One former soldier, now a 30-year-old student, discusses searching the homes of Palestinians for suspects: “Since you are wearing night vision gear, you can find any door which you want. In about three minutes after entry, you’ve already got the suspect and dragged him out into the street. You hear the women’s shouts, but it goes right over you.”
This individual, who rose to the rank of sergeant, served at a time when riots were going on at a particular intersection that Palestinians used.
“Many times,” he says, “I went there [to the intersection] so I would not get bored.”
There was action there – bullets, gas, stone-throwing – but as he stresses, “you’re in fully protective gear.”
“I’d go there for my weekly sport, to increase my adrenalin,” he recalls.
“Mainly, I wanted to feel that I was contributing something.”
A 29-year-old Ethiopian woman, also a student now, came to Israel as a child with her parents. She sought to become a combat soldier so she could feel her military efforts were real. After completing basic training, she and four other women were assigned to a combat unit – which was otherwise all male – in the military police.
“There, aside from the general work challenge, there was also the challenge of proving you’re a fighter,” she notes. “The girls had to prove that they are just as good fighters as the boys. When you are in pain you don’t say anything, for fear they might think that as a female fighter it hurts you more than it does a male fighter.”
She recalls that in the first stonethrowing situation she encountered, she was scared.
“You hear about a demonstration on TV but you can’t imagine the reality of contending with massive stone-throwing,” she says. “Here I see a mob running toward me, pelting us with stones.”
She also offers the truism that “as with any difficult assignments, over time you get used to it with all the protective gear you wear.”
The next interviewee is Orthodox, 25, and married with two children. For him, Israel is something for which the Jewish people have yearned for almost 2,000 years, a milestone after the exile from the Holy Land and in the wake of the Holocaust.
“In the normalcy of our situation, we can create our own government and have our own army,” he says.
The IDF is a state-builder, he continues, because “these youth in service can scatter their physical strength in all kinds of less positive directions. When summoned, they choose to be in the army and contribute to the state.”

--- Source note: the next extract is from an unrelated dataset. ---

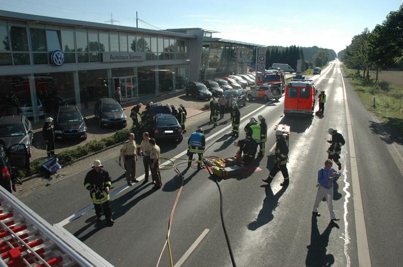 Am Mittwochmorgen, dem 1. August 2007, ereignete sich auf der Osnabrücker Straße in Ibbenbüren ein schwerer Verkehrsunfall, zu dem die Freiwillige Feuerwehr Ibbenbüren mit den Zügen Stadtmitte 1 und Laggenbeck Alarmiert wurde.

As an officer, he commanded a squad.
Three of the four members of his squad selected for officer training were religious.
He claims that already, 30 percent of IDF soldiers are religious.
There are monologues in Ranan’s book from conscientious objectors, some of whom were convicted and sent to prison. The saddest parts of the book, I feel, are the tales of the draftdodgers – secular, Orthodox and ultra- Orthodox. One way to escape the military is to pretend to be nervous, since after investigation, that individual can be declared mentally unbalanced – and freed from fulfilling his duty.
I contend that this tortures the average Israeli because he, his children and his grandchildren enter the IDF out of the desire to serve.
Why are books like this written? Perhaps they hope to prove through personal interviews that Israeli youth are becoming like the majority of young people in the world. In most countries, people do not want to place themselves in harm’s way, but to live their lives without fear of dying. As this book emphasizes, Israeli youth are changing, but the majority are still prepared “to enter the army of Israel, where they could die for their country.”